One day the people of Louisiana will elect good government, and they won't like it! ~ Louisiana Senator Russell B. Long (1948-1987)
Louisiana State Senator Benjamin Burras Rayburn, Sr., always remembered the day when he worked behind the scenes to free Louisiana Governor Earl K. Long from the Southeast Louisiana Mental Hospital in Mandeville, LA. First Lady Blanche Long placed her husband there in 1959 (Long's last term as Governor) due to the feisty governor's mental instability. Yet Rayburn remained a Long loyalist and worked to reestablish "Uncle Earl" as the rightful occupant of the Governor's Office despite his mental contortions. Working around the clock, Long and Rayburn discovered the legal means whereby he could resume his duties as Governor—one of which was to hold a press conference in his underwear.
Rayburn was affectionately known as the Dean of the Louisiana State Senate for almost fifty years. The sobriquet, "Sixty," was ascribed to him because he was number 60 on the ballot of his first election. It stuck. Many of his political adversaries, however, sarcastically stated that it was a nickname of achievement because he could not score much above a "60" on any school exam. To be sure, Rayburn was the last of the Long populists who would often find his way to the Senate podium to defeat any bill that was not for "the poor man." He was an advocate of universal health care coverage and argued that government was, in his words, "the way the people are taken care of."
Toward the end of Rayburn's era of service a new name appeared on the landscape of Louisiana politics that he did not recognize. When the young Bobby Jindal surfaced as Secretary of the Department of Health and Hospitals, few anticipated the changes that would come in future years.
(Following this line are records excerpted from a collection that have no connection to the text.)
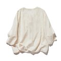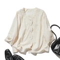 優雅で快適な七分袖レースカーディガン 刺繍コットン100% ベージュ 250511-2
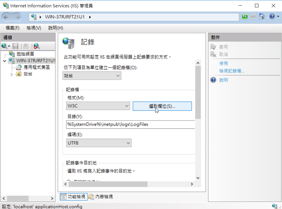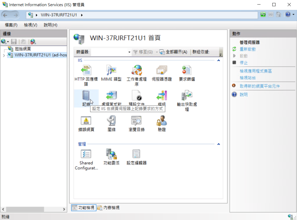首先開啟 [ IIS管理員 ] – 點選 [ 記錄 ] (Logging)
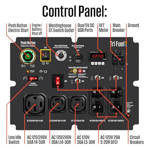TRI FUEL WESTINGHOUSE WORKHORSE: Runs up to 16 hours at 25% load on a 10.5 gallon gas tank, powered by a heavy duty 713cc Westinghouse V-Twin OHV engine; Automatic low oil shutdown; Low idle mode; VFT data center shows voltage, frequency and lifetime hours for updates on output and maintenance
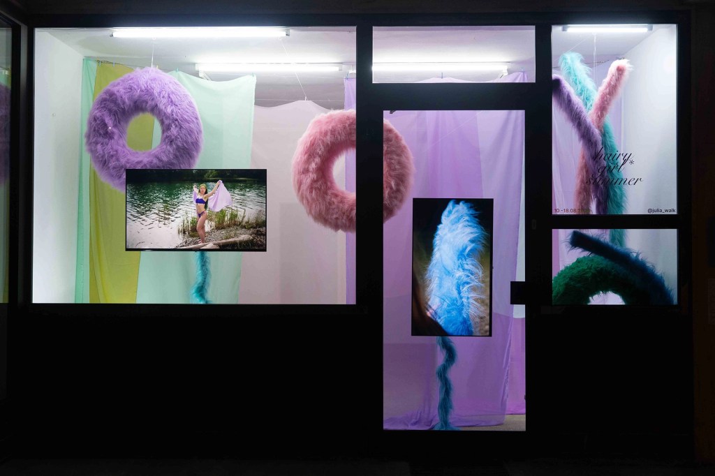 Ihre Arbeiten sind laut, farbenfroh und machen Spaß. Julia Walk ist immer Teil ihrer Installationen und Performances, inszeniert ihren eigenen Körper und reflektiert damit nicht nur ein gesellschaftliches Körperbild in der
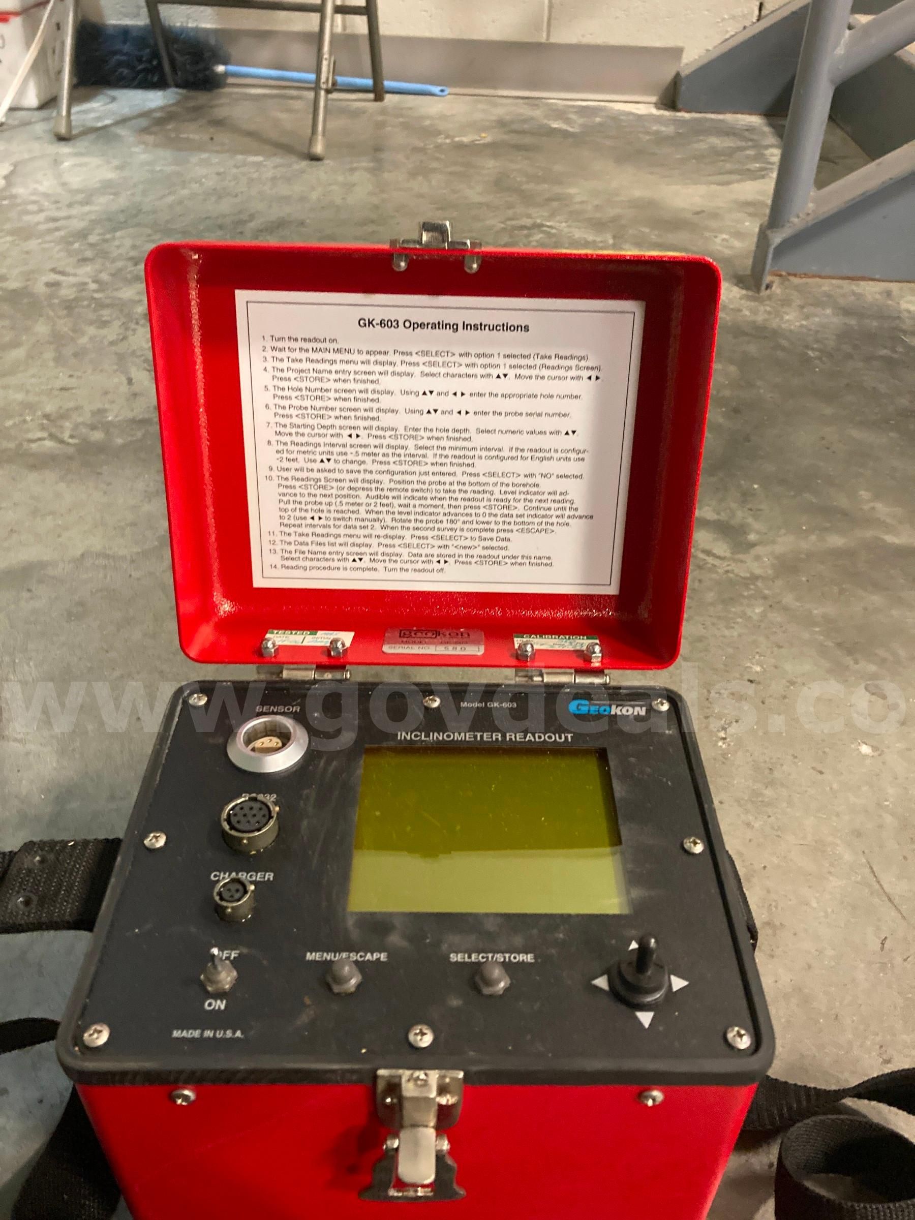| Item: | (1) GEOKON Slope Indicator with 118Ft cable Serial N No. 580 Model GK603. |
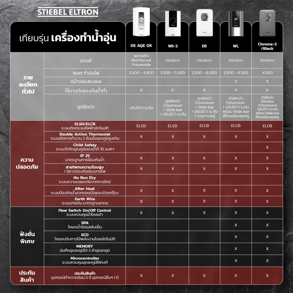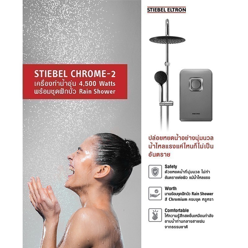 STIEBEL ELTRON เครื่องทำน้ำอุ่น ขนาด 4500 วัตต์ รุ่น STIEBEL CHROME-2 แทงค์ทองแดง หัวฝักบัว Rain Shower
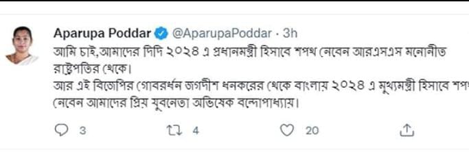 তবে মঙ্গলবার টুইট করে আগামী লোকসভা নির্বাচনে যে প্রধানমন্ত্রী হওয়ার একমাত্র মুখ মমতা বন্দ্যোপাধ্যায়, তা মনে করিয়ে দিয়ে টুইট করেন অপরূপা।
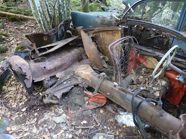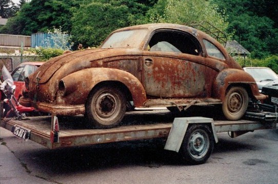 -52 soltaksbil som stått gömd i Blekingeskogen sedan 1968, tyvärr sopslut.
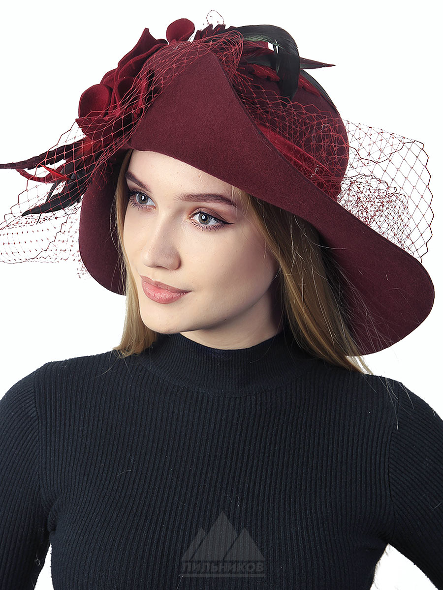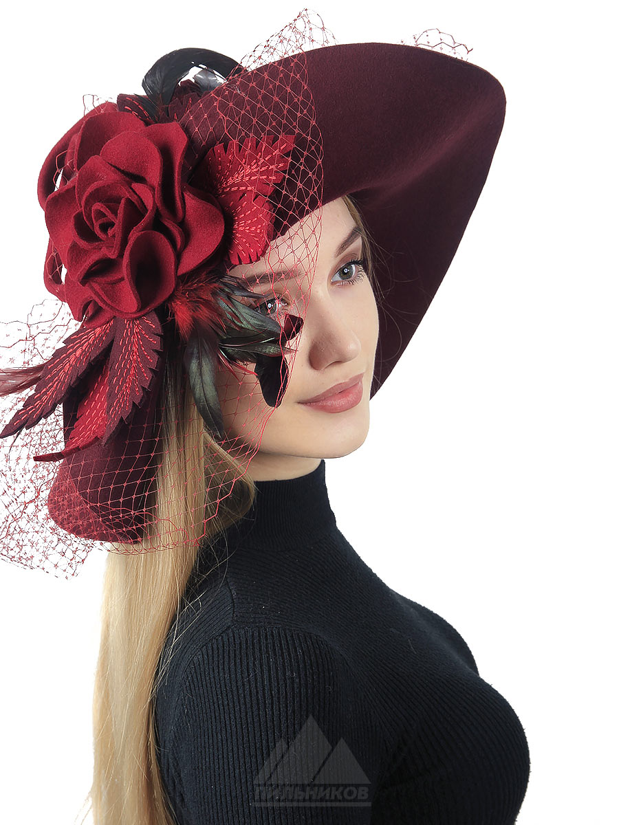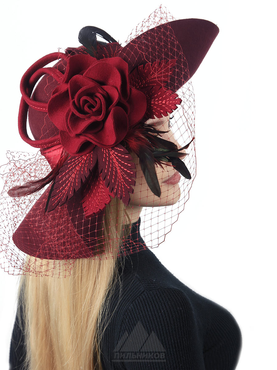 Надев красивую шляпку - можно мигом преобразиться до неузнаваемости, и в этом Вам поможет наша новая дизайнерская работа «Белладона». Шляпа с широкими полями выполнена из шерстяного фетра. Материал имеет плотную приятную на ощупь фактуру высокого качества. Тулья оснащена подкладкой из саржи и регулятором размера, что обеспечивает комфортную посадку. Украшает головной убор изящная декорация в виде розы из фетра с дополнением перьев и вуали, благодаря чему изделие приобретает оригинальный вид. Следует обратить внимание на изобилие оттенков в палитре цветов, Вы обязательно найдете себе по вкусу. Эта роскошная композиция позволит создать сногсшибательный образ, от которого будут в восторге мужчины, и которому позавидуют представительницы слабого пола. Побалуйте себя и насладитесь приятной покупкой.

With a deft hand and great aplomb for the news media, Jindal skyrocketed in popularity as he surgically removed millions of dollars of waste and fraud from the state's bloated bureaucracy. He developed a reputation for resiliency and a nimble ability to persuade even the most ardent foes of budget cuts toward a more responsible and smaller budgetary outlay.
Since the days of Louisiana's most famous Governor, Huey P. Long, state government in Louisiana has sought to provide the proverbial "chicken in every pot" where "every man is a king." Long believed that God used him as an agent of justice to provide for the poor and needy. Such doctrine actually provided the intellectual and political predicate for the modern welfare state as it exists in Louisiana.
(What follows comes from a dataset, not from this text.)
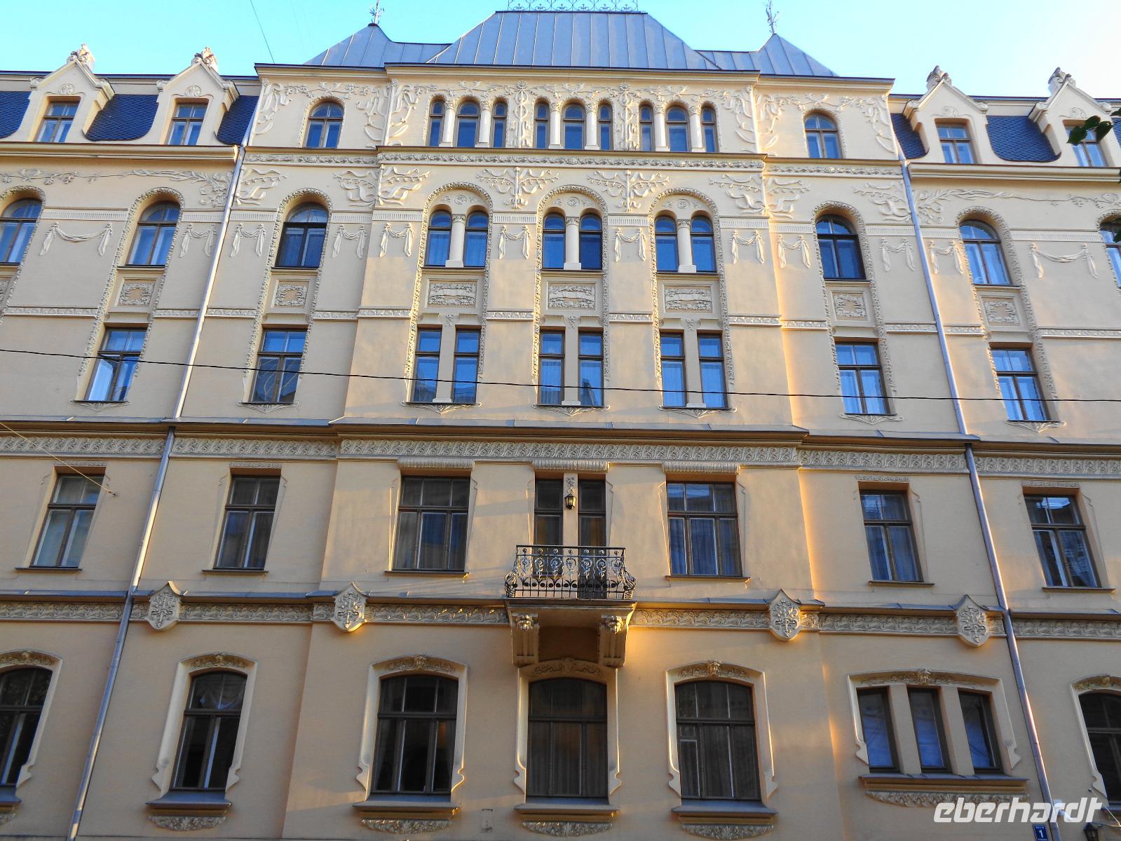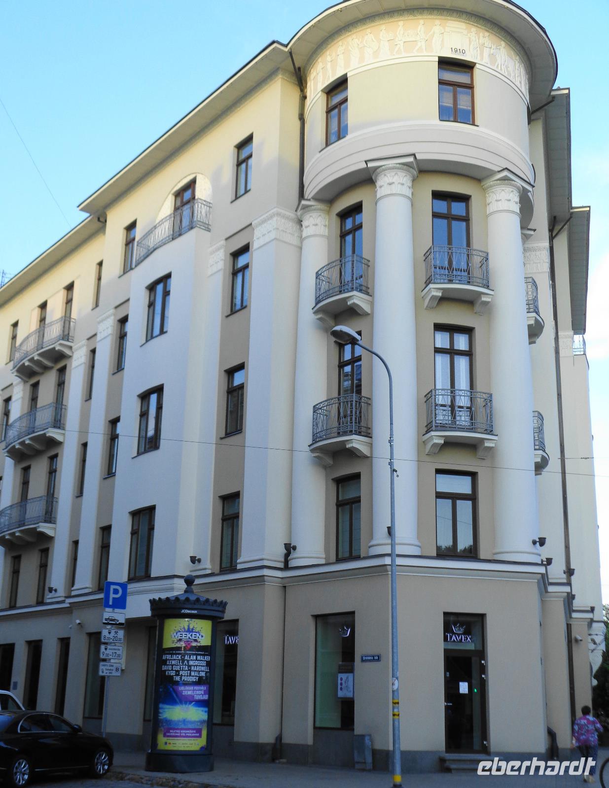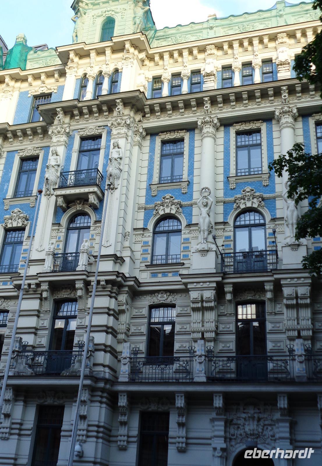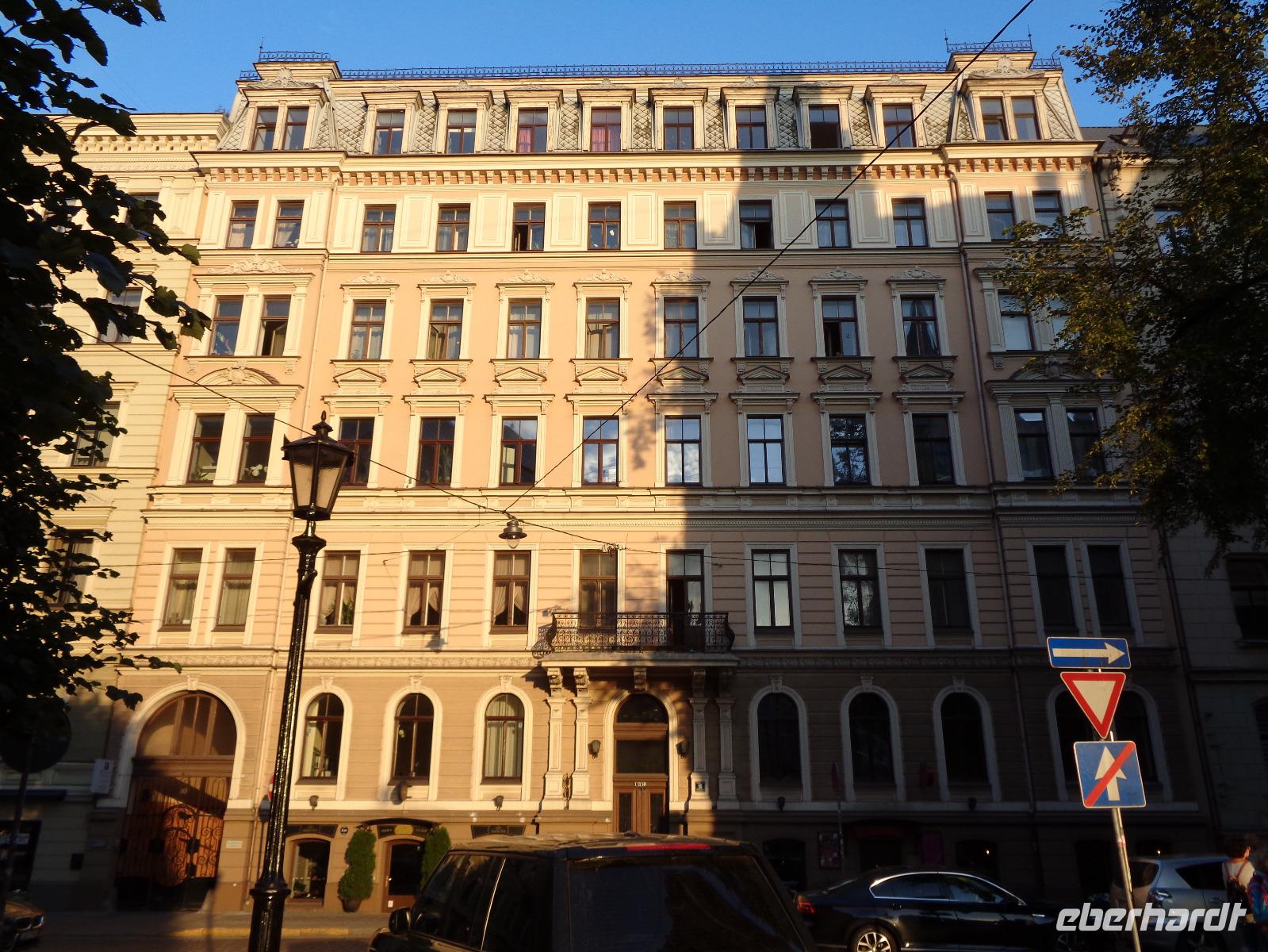 Gleich vom Hotel aus führte uns Birute noch am Abend durch das nordöstlich der Altstadt gelegene Jugendstilviertel, das zum UNESCO-Welterbe gehört. Die mit allerhand nackten Frauen, Fabelwesen, Monstern und Pflanzenornamenten überreich geschmückten Häuser gehören neben Barcelona, Wien und Paris zu den bedeutendsten Zeugnissen des Jugendstils in Europa. Der Architekt Michail Eisenstein entwarf um die Jahrhundertwende 19./20. Jh. rund 50 dieser Häuser, insgesamt gibt es in Riga ca. 800 von diesen ehemaligen Mietshäusern.

Perhaps it is the scandalous history of Louisiana governors, but over time, the moral nature of such thinking has waned. While Louisiana supports a network of ten public or "charity" hospitals as well as a large higher education system boasting over 20,000 employees with multiple governing boards, the state treasury now reveals cracks in the foundation where budgetary requirements can no longer support the vast public infrastructure built over the last century. This has resulted in massive cuts that have shrunk the public payroll, eliminated duplicate programs at state universities, and injected into the state budget a competitive measure of sorts that requires justification for each line item in the state's spreadsheet.
In an unpublished interview during Mike Foster's first term as Governor, Rayburn took notice of "that boy" who was cutting people and programs in a way that just wasn't fair to "the working man." Over time, however, Rayburn himself noticed in Jindal a skill that mirrored his own. For all of the political folklore in his association with the Longs, Sixty Rayburn possessed a keen political mind that could manage multiple layers of complexity in public policy. Rayburn would not take the podium unless and until he knew he had the votes to pass a particular bill or had already killed a measure to such a degree that a mere mention of the "poor man" from the podium would send opposing colleagues running for cover.
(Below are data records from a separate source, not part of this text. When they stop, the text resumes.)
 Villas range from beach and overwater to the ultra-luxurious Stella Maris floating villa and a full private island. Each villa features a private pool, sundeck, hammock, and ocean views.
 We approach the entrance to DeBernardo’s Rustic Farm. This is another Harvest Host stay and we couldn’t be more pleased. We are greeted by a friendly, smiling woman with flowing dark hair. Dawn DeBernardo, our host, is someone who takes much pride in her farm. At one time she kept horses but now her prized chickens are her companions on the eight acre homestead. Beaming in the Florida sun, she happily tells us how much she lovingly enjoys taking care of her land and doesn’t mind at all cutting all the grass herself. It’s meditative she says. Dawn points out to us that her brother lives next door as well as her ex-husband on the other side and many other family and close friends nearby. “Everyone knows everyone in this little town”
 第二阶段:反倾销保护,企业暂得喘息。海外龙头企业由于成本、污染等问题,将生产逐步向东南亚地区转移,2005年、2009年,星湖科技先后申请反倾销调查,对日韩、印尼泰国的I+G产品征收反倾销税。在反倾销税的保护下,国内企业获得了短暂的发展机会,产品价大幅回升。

"At my age, you've learned some things," Rayburn stated. "The way we've spent money in this state is going to cause some problems when I'm dead and gone. I will not be around to see it, but somebody is going to have to clean all this stuff up and make some very unpopular decisions." Little did Rayburn know that it would be "the boy" Secretary who would one day serve as the state's 55th Governor.
Bobby Jindal has learned many things along his path toward the Governor's Mansion. Louisiana's state bureaucracy is strong and resistant to change. It is all but a shadow government covertly convened in ways that escape the public eye. Two Republican governors of the last century (David Treen and Buddy Roemer) were held to one term as the episcopacy of Governor Edwin Edwards often thwarted every measure toward reform and transparent governance. Mike Foster's administration (the launching pad for Jindal) began the turn away from the machinery of government toward more reliance on private enterprise. Jindal has only increased this trajectory and all but steamrolled his opposition.
The genius of Jindal's ability is seen in his upending of long-held beliefs that expensive state infrastructure and programs were the answer—even the moral duty—of government in service to her citizens. Systematically, the Jindal administration has confronted the power brokers of a previous era and so carefully rendered them irrelevant that post-legislative session enactments show that real change is now upon the state. Much remains to be done, but Bobby Jindal has proven that corruption and government overreach can be pulled down with knowledge, courage, and a worldview supported by a moral vision that renders government a servant, never a master.